A Phase IA, Open-label, Dose-escalating Study of PTK787/ZK 222584 Administered Orally on a Continuous Dosing Schedule in Patients with Advanced Cancer

Background: PTK787/ZK 222584 (PTK/ZK) offers a novel approach to inhibit tumour angiogenesis. Patients and Methods: This study characterized the safety, tolerability, biological activity and pharmacokinetic profile of PTK/ZK, while determining the optimum dose. Seventy-one patients with advanced cancer were enrolled to receive once daily dosing. Pharmacokinetic, dynamic contrast enhanced magnetic resonance imaging and safety assessments were performed, along with measurement of soluble markers. Patients were treated until they had unacceptable toxicity and/or disease progression.

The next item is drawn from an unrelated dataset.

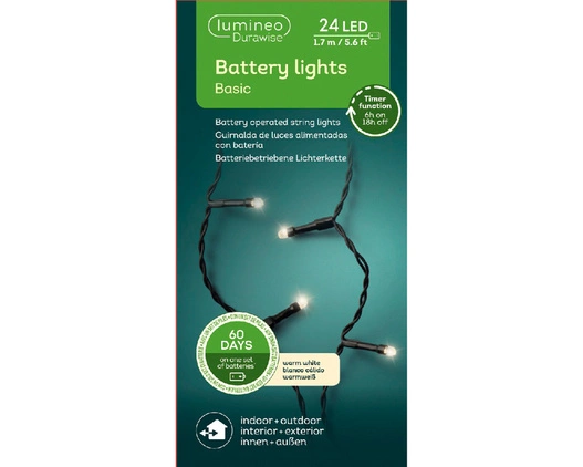 Oświetlenie świąteczne do stosowania zarówno na zewnątrz jak i wewnątrz, składające się z 24 ledowych lampek umieszczonych na czarnym przewodzie. Lampki świecą ciepłym białym światłem. Stanowią bardzo atrakcyjną dekorację, która nada magii w czasie świąt Bożego Narodzenia. Lampki posiadają 8 trybów świecenia.

Results: Twenty-nine patients were assessable for maximum tolerated dose (MTD) determination, but no MTD was established; only two patients experienced dose limiting toxicities. PTK/ZK was well tolerated with only nine patients experiencing serious adverse events suspected to be PTK/ZK related, but no objective tumour response was observed; 34% had stable disease and 48% had progressive disease. In addition, PTK/ZK was rapidly absorbed with a maximum concentration occurring 2 hours post-dosing. Vascular endothelial growth factor and basic fibroblastic growth factor were good predictors of best tumour response, as was the MRI bidirectional transfer constant on day 2 of treatment. Conclusion: An MTD was not reached in this study but, based on these data and findings from other studies, 1200 mg was found to be the optimum dose of PTK/ZK for patients with advanced cancer.